[[ SUPPLIED MATERIAL, beginning ]]

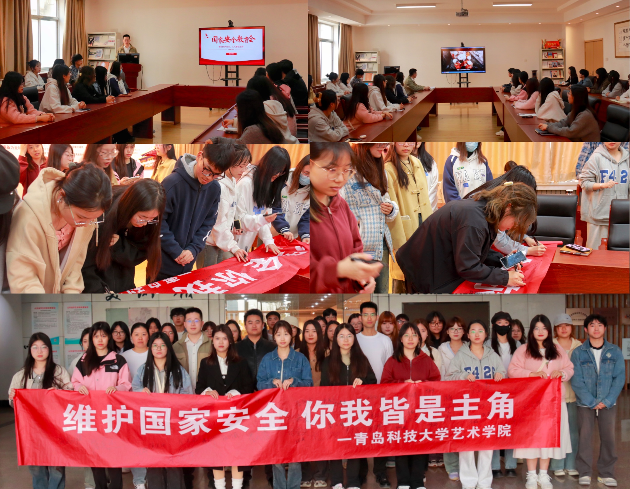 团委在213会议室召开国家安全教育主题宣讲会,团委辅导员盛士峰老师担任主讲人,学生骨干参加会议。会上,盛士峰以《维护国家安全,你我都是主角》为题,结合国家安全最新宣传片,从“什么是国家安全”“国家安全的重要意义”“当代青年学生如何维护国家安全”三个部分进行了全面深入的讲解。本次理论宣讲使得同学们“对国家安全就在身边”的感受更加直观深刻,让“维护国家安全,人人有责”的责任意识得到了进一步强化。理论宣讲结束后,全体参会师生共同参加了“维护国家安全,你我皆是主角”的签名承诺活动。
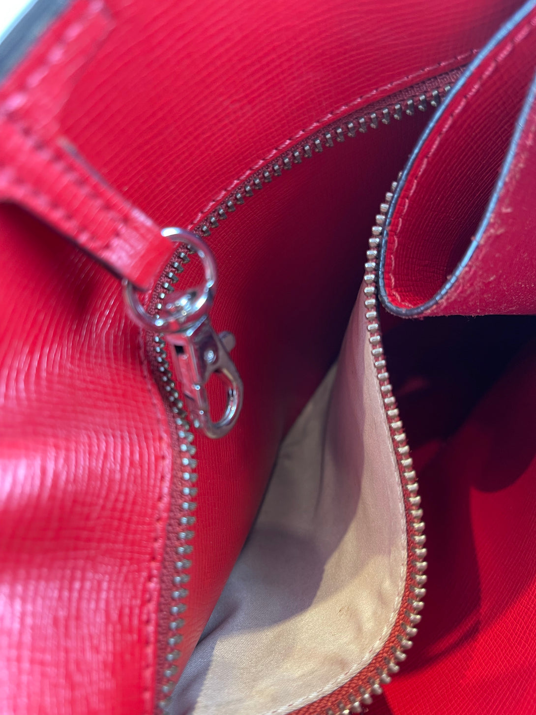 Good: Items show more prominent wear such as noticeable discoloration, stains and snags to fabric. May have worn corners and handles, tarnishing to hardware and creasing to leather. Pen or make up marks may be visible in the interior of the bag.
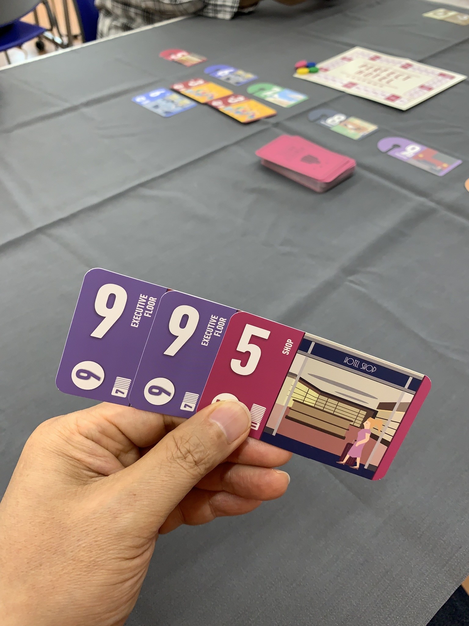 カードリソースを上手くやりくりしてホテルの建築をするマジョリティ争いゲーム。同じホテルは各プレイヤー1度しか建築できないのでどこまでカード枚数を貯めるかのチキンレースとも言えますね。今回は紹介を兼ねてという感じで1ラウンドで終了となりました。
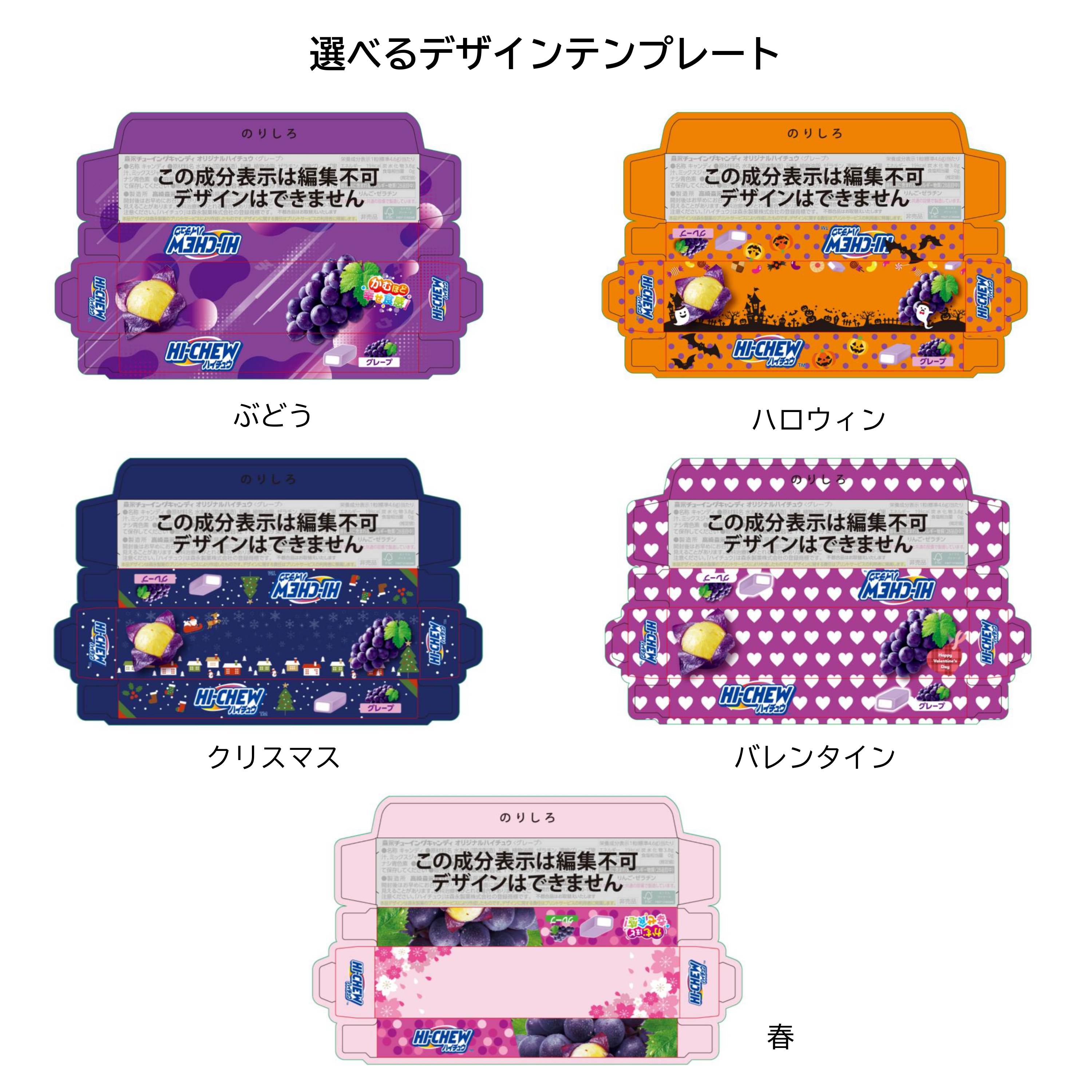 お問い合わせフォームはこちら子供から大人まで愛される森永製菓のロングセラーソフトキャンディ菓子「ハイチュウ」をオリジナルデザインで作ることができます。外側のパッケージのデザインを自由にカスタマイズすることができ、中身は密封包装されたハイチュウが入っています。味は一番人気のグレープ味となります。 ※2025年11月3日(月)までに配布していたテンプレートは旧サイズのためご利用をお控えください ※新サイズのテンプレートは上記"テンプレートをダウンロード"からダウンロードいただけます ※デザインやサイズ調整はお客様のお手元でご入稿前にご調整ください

[[ SUPPLIED MATERIAL, end ]]
[[ SUPPLIED MATERIAL, beginning ]]

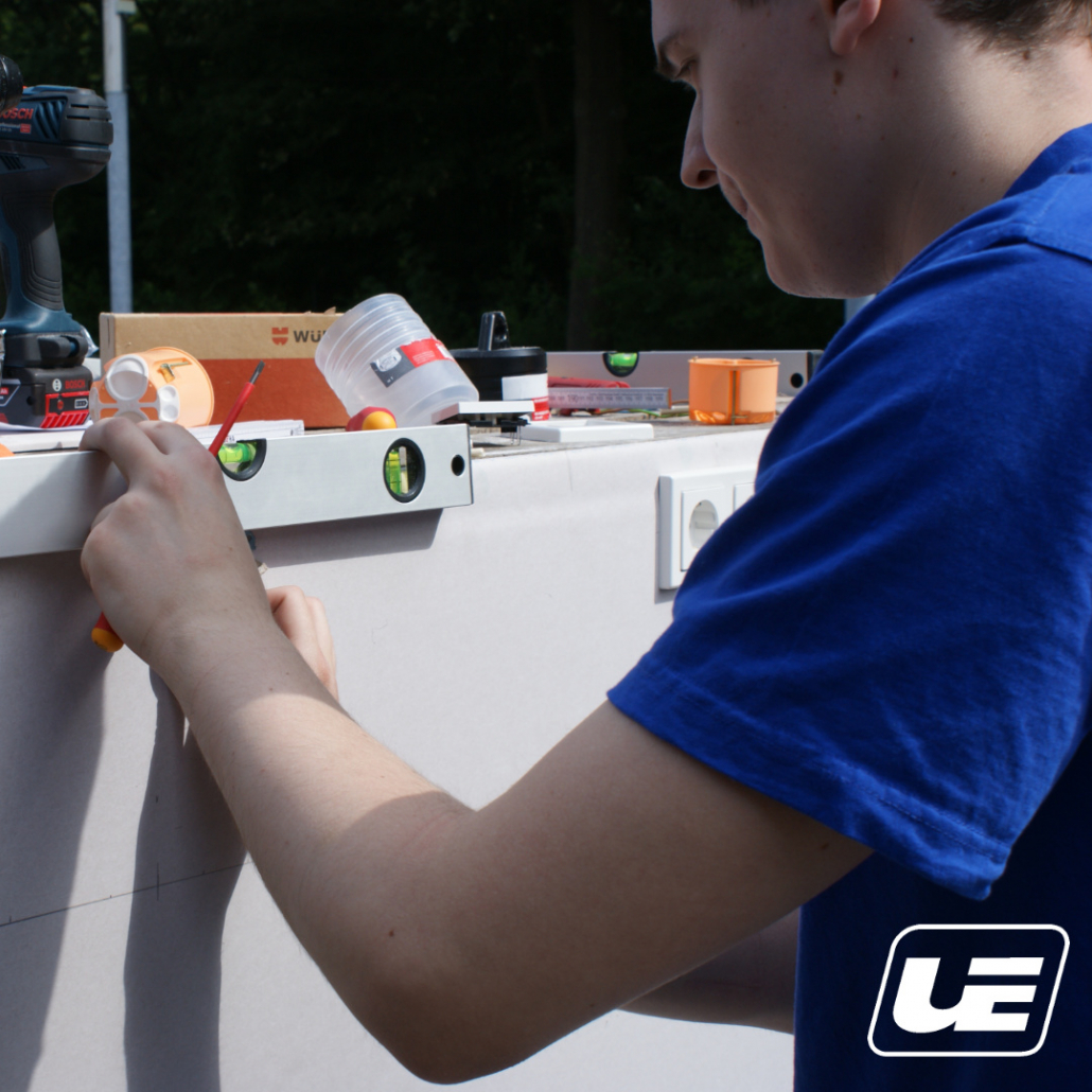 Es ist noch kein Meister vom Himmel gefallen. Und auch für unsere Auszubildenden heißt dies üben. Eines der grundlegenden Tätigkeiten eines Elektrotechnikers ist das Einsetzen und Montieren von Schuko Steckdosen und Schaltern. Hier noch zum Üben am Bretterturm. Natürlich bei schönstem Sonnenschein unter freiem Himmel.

[[ SUPPLIED MATERIAL, end ]]

**WHAT NEEDS TO BE DONE:** Precisely those lines above that run from the line with "团委在213会议室召开国家安" up to and including the line with "Good: Items show" are to be set down, with the pictures omitted.

**SOLUTION:**
 团委在213会议室召开国家安全教育主题宣讲会,团委辅导员盛士峰老师担任主讲人,学生骨干参加会议。会上,盛士峰以《维护国家安全,你我都是主角》为题,结合国家安全最新宣传片,从“什么是国家安全”“国家安全的重要意义”“当代青年学生如何维护国家安全”三个部分进行了全面深入的讲解。本次理论宣讲使得同学们“对国家安全就在身边”的感受更加直观深刻,让“维护国家安全,人人有责”的责任意识得到了进一步强化。理论宣讲结束后,全体参会师生共同参加了“维护国家安全,你我皆是主角”的签名承诺活动。
 Good: Items show more prominent wear such as noticeable discoloration, stains and snags to fabric. May have worn corners and handles, tarnishing to hardware and creasing to leather. Pen or make up marks may be visible in the interior of the bag.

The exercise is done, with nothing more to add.